Direct ridership models can predict station-level urban rail transit ridership. Previous research indicates that the direct modeling of urban rail transit ridership uses different coverage overlapping area processing methods (such as naive method or Thiessen polygons), area analysis units (such as census block group and census tract), and various regression models (such as linear regression and negative binomial regression). However, the selection of these methods and models seems arbitrary. The objective of this research is to suggest methods of station-level urban rail transit ridership model selection and evaluate the impact of this selection on ridership model results and prediction accuracy. Urban rail transit ridership data in 2010 were collected from five cities: New York, San Francisco, Chicago, Philadelphia, and Boston. Using the built environment characteristics as the independent variables and station-level ridership as the dependent variable, an analysis was conducted to examine the differences in the model performance in ridership prediction.
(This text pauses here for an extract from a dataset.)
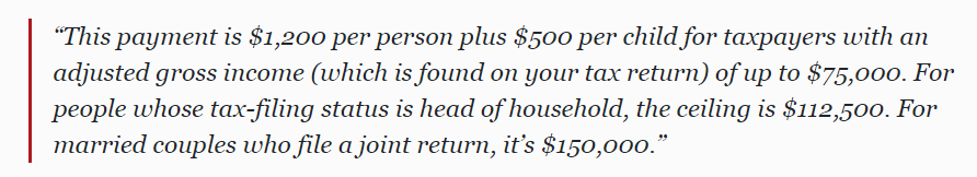 CARES法案授权了“天降美元,(居民)人人有份”。此项救助花费3010亿美元,目标就是把经济停下来数周,政府买单让人安心宅家里,不要惦记出门赚钱,以保障社交距离和居家令的顺利实施。只要符合美国税务定义上的居民的概念,每名成人最多可获得1200美元,每个小孩(17岁以下)最多可获得500美元的支票。一个四口之家最多可以拿$3400。全美有数千万个家庭能从中受益,保障经济停转期间维持财务支出的基本生活费。截至4月底,“山姆大叔”(对美国政府的戏称)已经发出了8800万张支票,同时还在准备几百万张,继续寄。基于2018或者2019年的税务申报,调整后的年收入(Adjusted Gross Income,AGI)在$75,000的个人,或者报税身份为户主且AGI在$112,500以下的个人,以及AGI低于$150,000的家庭,都能收到全款支票。

Our results show that a large overlap of circular coverage areas will greatly affect the accuracy of models. The equal division method increases model accuracy significantly. Most models show that the generalized additive models have lower mean absolute percentage errors (MAPE) and higher adjusted
R
2
values. By comparison, the Akaike information criterion (AIC) values of the negative binomial models are lower. The influence of different basic spatial analysis unit on the model results is marginal. Therefore, the selection of basic area unit can use existing data. In terms of model selection, advanced models seem to perform better than the linear regression models.